▸ What needs to be done
Restate, exactly as written, the entries below from the line that holds "back on these" through the line that holds "Via een vaste". Pictures are not part of the copy.

▸ Material supplied
[Start of Attachment]

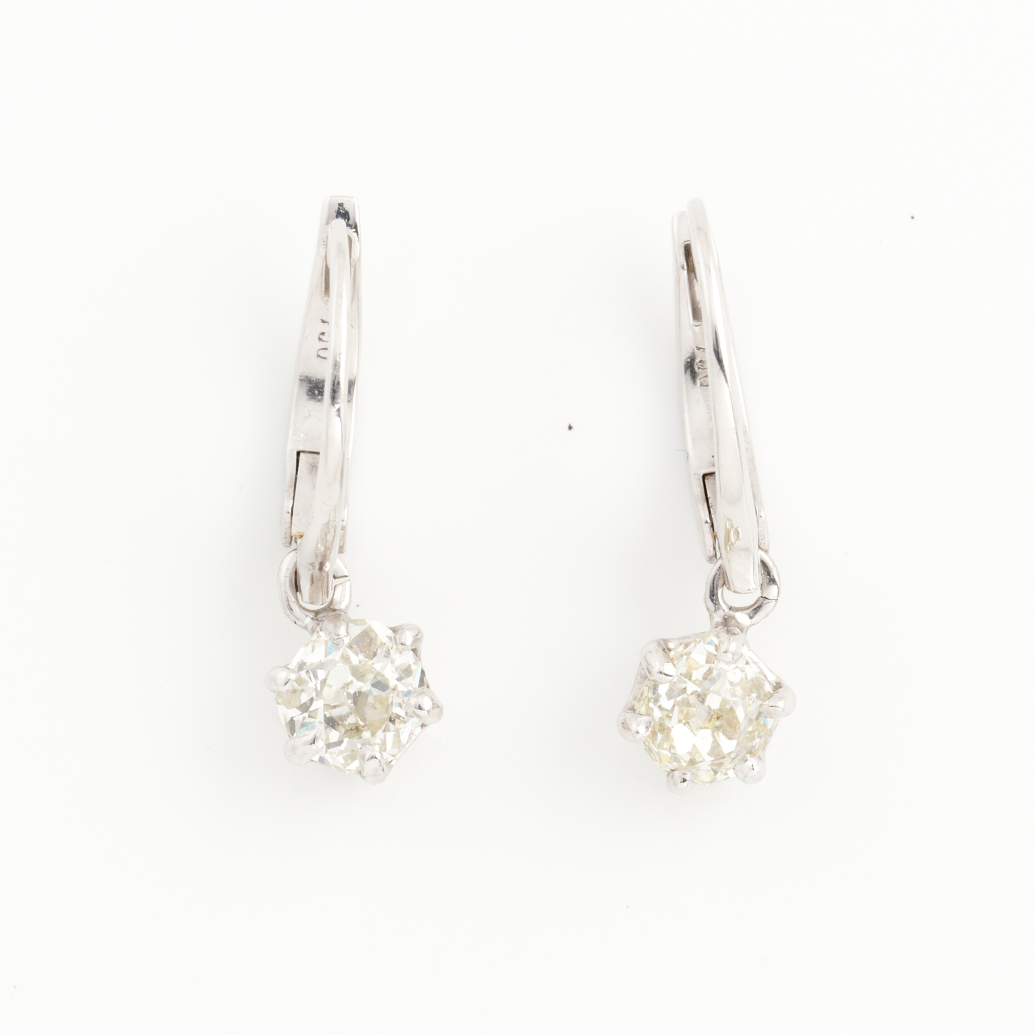 A PAIR OF DIAMOND DROP EARRINGS IN 18CT WHITE GOLD, THE OLD EUROPEAN CUT DIAMONDS TOTALLING 1.74CT, (H-I, SI) TO HOOK FITTINGS, 22MM, ACCOMPANIED WITH VALUATION
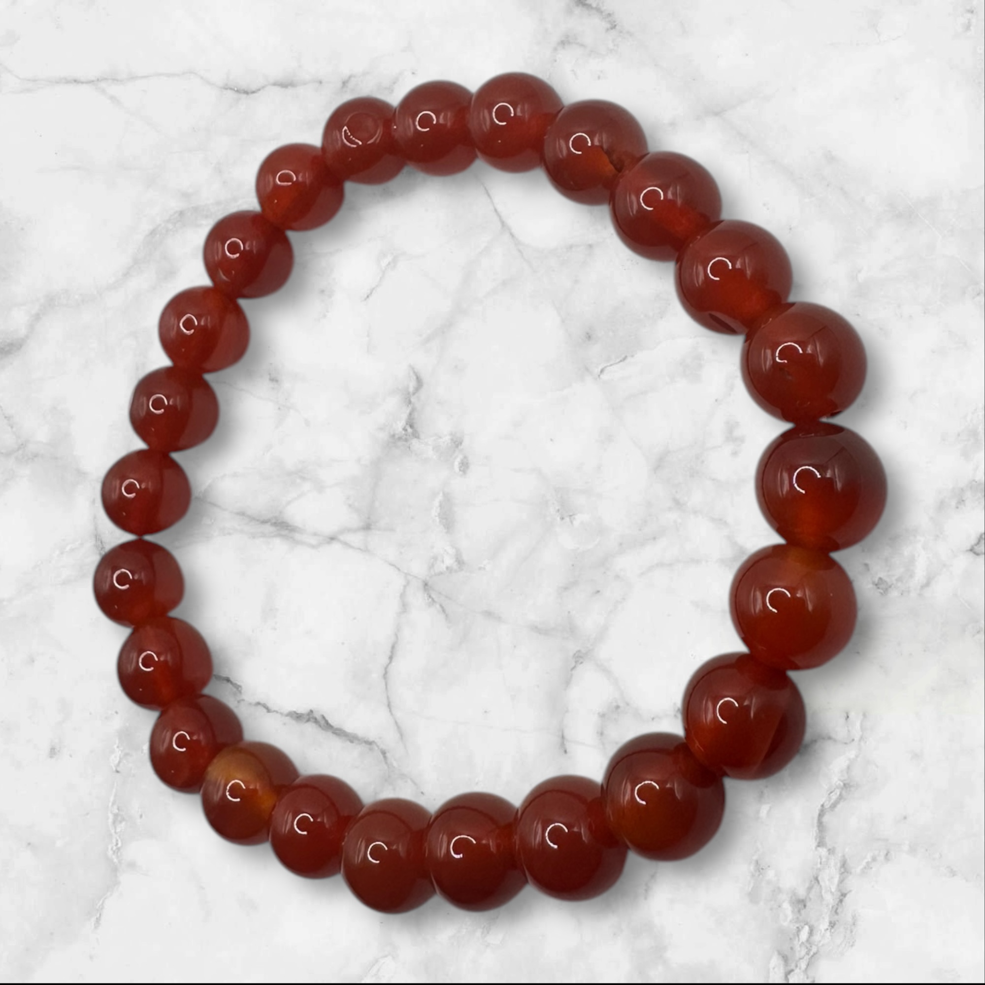 This stunning Aqiq Stone (Carnelian) bracelet features round beads with a warm, rich orange-red hue. Known for its energetic and revitalizing properties, Carnelian is believed to enhance creativity, courage, and motivation. The bracelet’s stretchable design ensures a comfortable and adjustable fit, making it an ideal accessory for daily wear. With its vibrant color and powerful symbolism, this Carnelian bracelet is perfect for anyone looking to add both a stylish and meaningful piece to their jewelry collection.
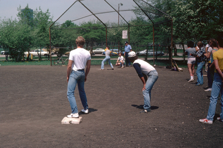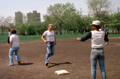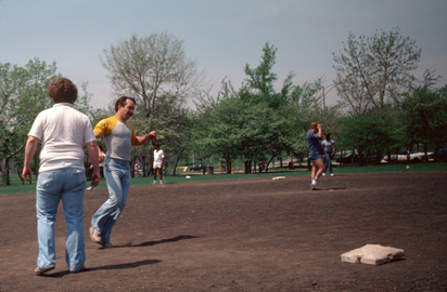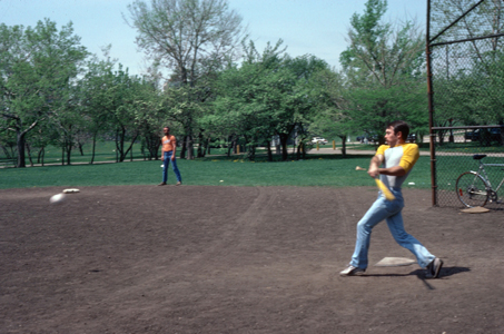 | "Looking back on these pictures from almost a year later, I am struck by the transient nature of some friendships, particularly some gay ones. Although I didn't know it at the time, this ball game was the next to last time I saw Tom. There was no dramatic falling out, nor did he or I move away. It seemed that we stopped seeing each other simply by mutual consent. I understand that some time later he did move to Minneapolis, but that was certainly not the reason. I guess that, although we might have been physically attracted to each other, there were not enough common interests to keep a friendship alive and growing, like my friendships with Tony (who is not gay) and Greg (who is)." |
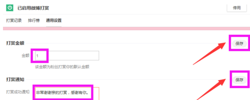 6.显示“已启用微博打赏”如果要停用微博打赏,点击右侧的“停用”即可。
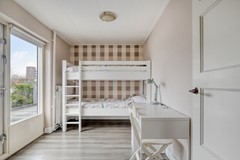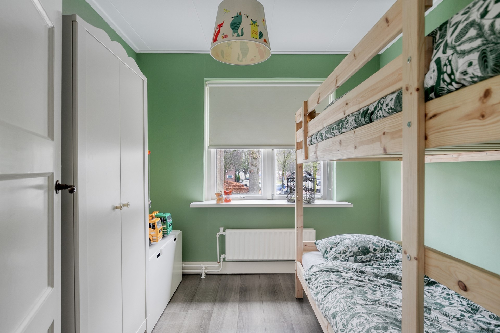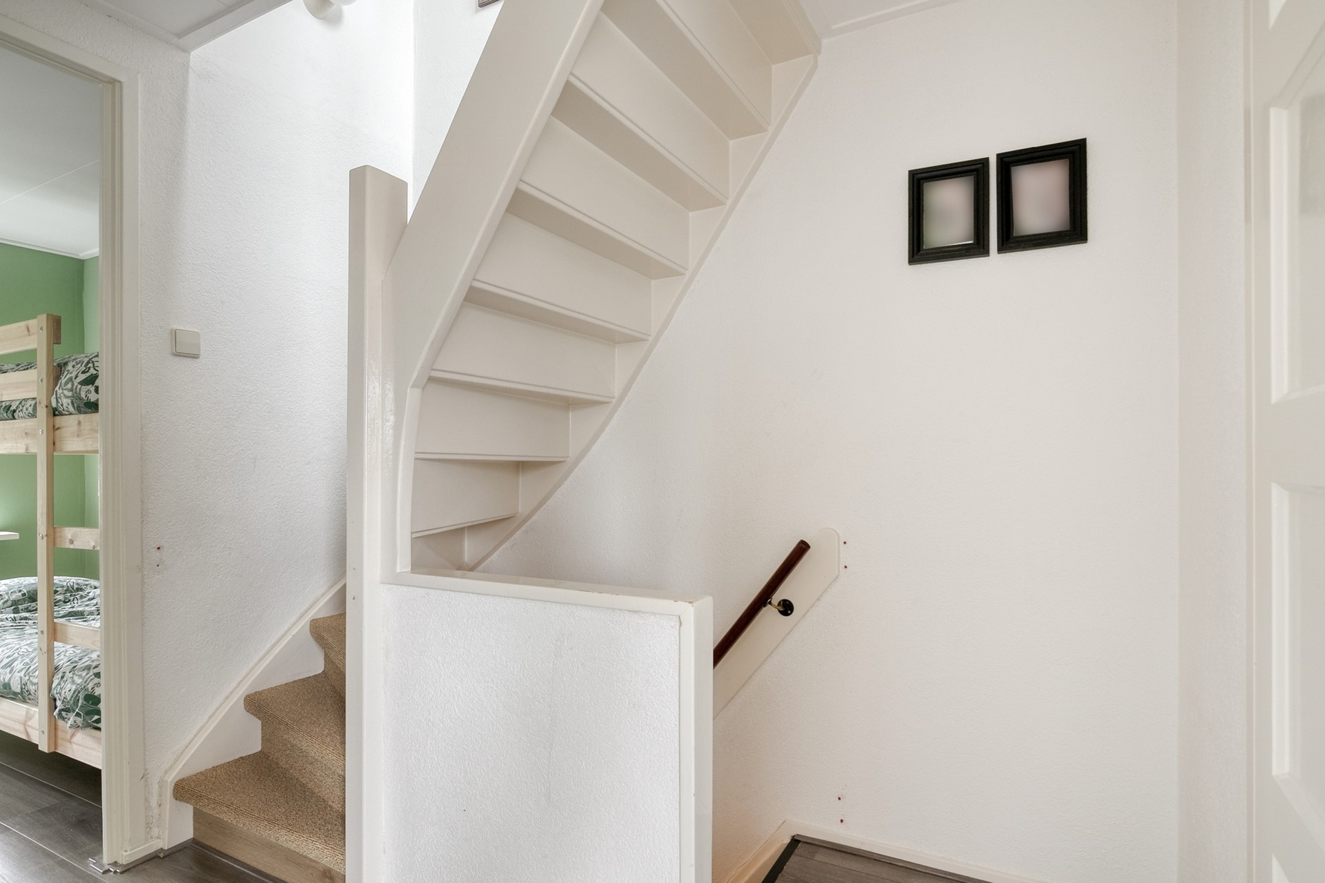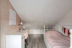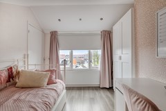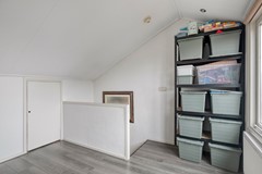 Via een vaste trap bereikt u de tweede verdieping. Hier treft u een overloop met een ruime bergkast, en er is een extra slaapkamer onder de kap. Dankzij de grote raampartij voelt deze ruimte licht aan, ideaal als tienerkamer, hobbyruimte of thuiskantoor.
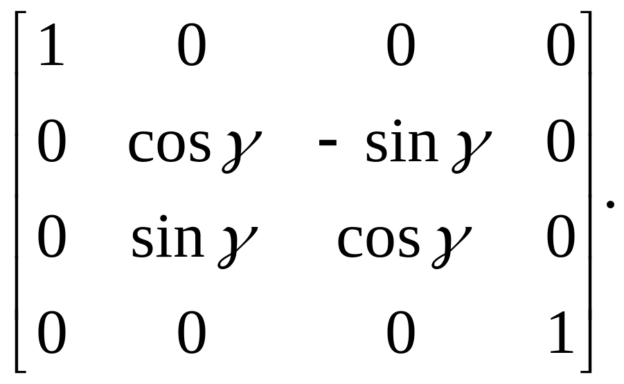Поворот вокруг произвольной оси, проходящей через начало координат, можно представить в виде последо-вательных поворотов вокруг осей x, y, z. Положительные на-правления углов поворота вокруг этих осей обычно задают таким образом, чтобы из положительного направления оси поворот происходил против часовой стрелки. Соот-ветствующие матрицы имеют следующий вид:
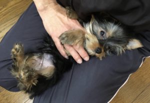 ホールドする部位は「身体の重心」が基本です。通常、重心は心臓の周辺となります。幼いパピーや体重の軽い小型犬であれば、片手で重心を抱えただけで、身体を持ち上げることができる位置になります。
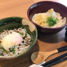 とり天温玉ぶっかけ*温かいのん☆ 温玉にお箸入れてトローリ。 熱々の茹で上がり麺にからめたら、釜玉みたいになった♪ モチモチ麺で美味しい~(*´∀`)
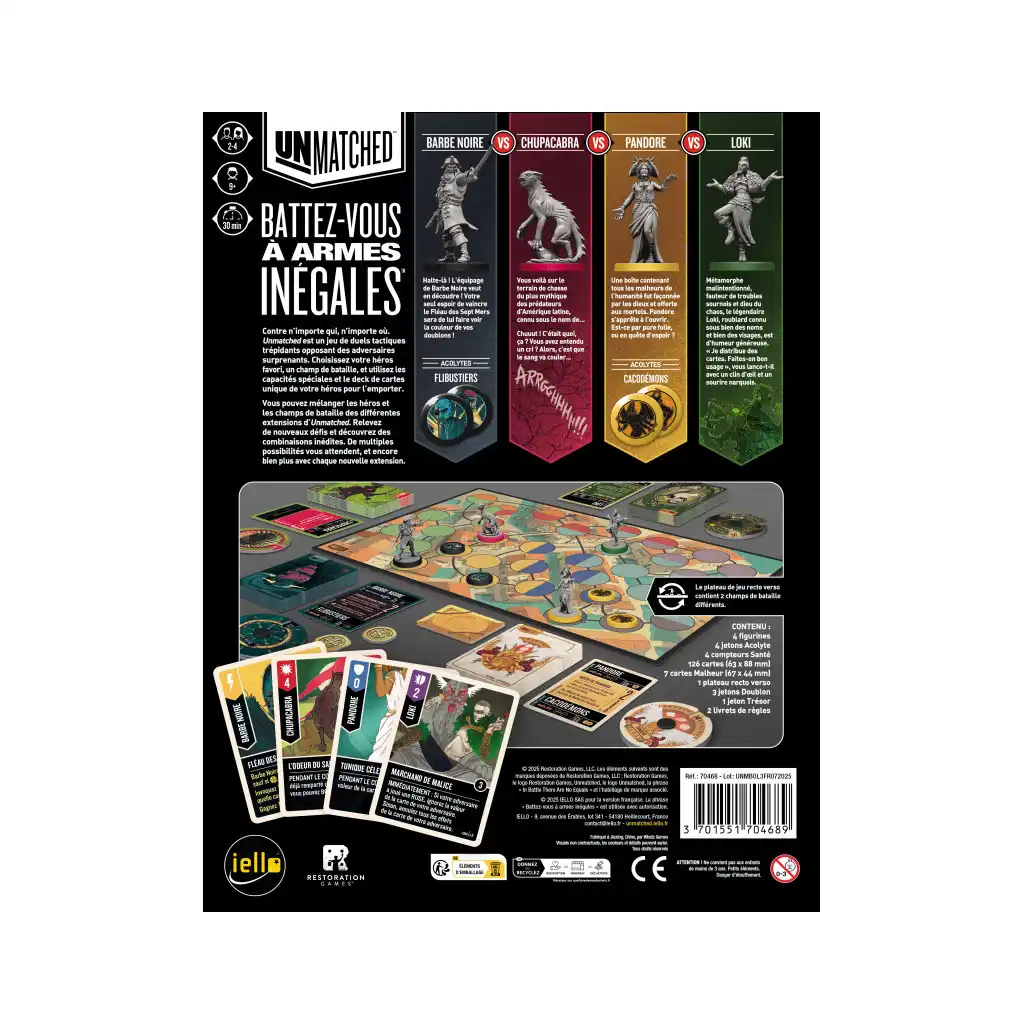 Avec ses quatre personnages emblématiques et son plateau de jeu recto verso, Unmatched propose des sensations de jeu uniques permettant de vivre l’intensité du jeu d’escarmouche sur un format bien plus compact et accessible. Proposant un fun immédiat et permettant de découvrir les capacités des héros au fil des batailles, Unmatched génère des parties ultra intenses et toujours variées.

[End of Attachment]

▸ Exercise result
 | "Looking back on these pictures from almost a year later, I am struck by the transient nature of some friendships, particularly some gay ones. Although I didn't know it at the time, this ball game was the next to last time I saw Tom. There was no dramatic falling out, nor did he or I move away. It seemed that we stopped seeing each other simply by mutual consent. I understand that some time later he did move to Minneapolis, but that was certainly not the reason. I guess that, although we might have been physically attracted to each other, there were not enough common interests to keep a friendship alive and growing, like my friendships with Tony (who is not gay) and Greg (who is)." |
 6.显示“已启用微博打赏”如果要停用微博打赏,点击右侧的“停用”即可。
 Via een vaste trap bereikt u de tweede verdieping. Hier treft u een overloop met een ruime bergkast, en er is een extra slaapkamer onder de kap. Dankzij de grote raampartij voelt deze ruimte licht aan, ideaal als tienerkamer, hobbyruimte of thuiskantoor.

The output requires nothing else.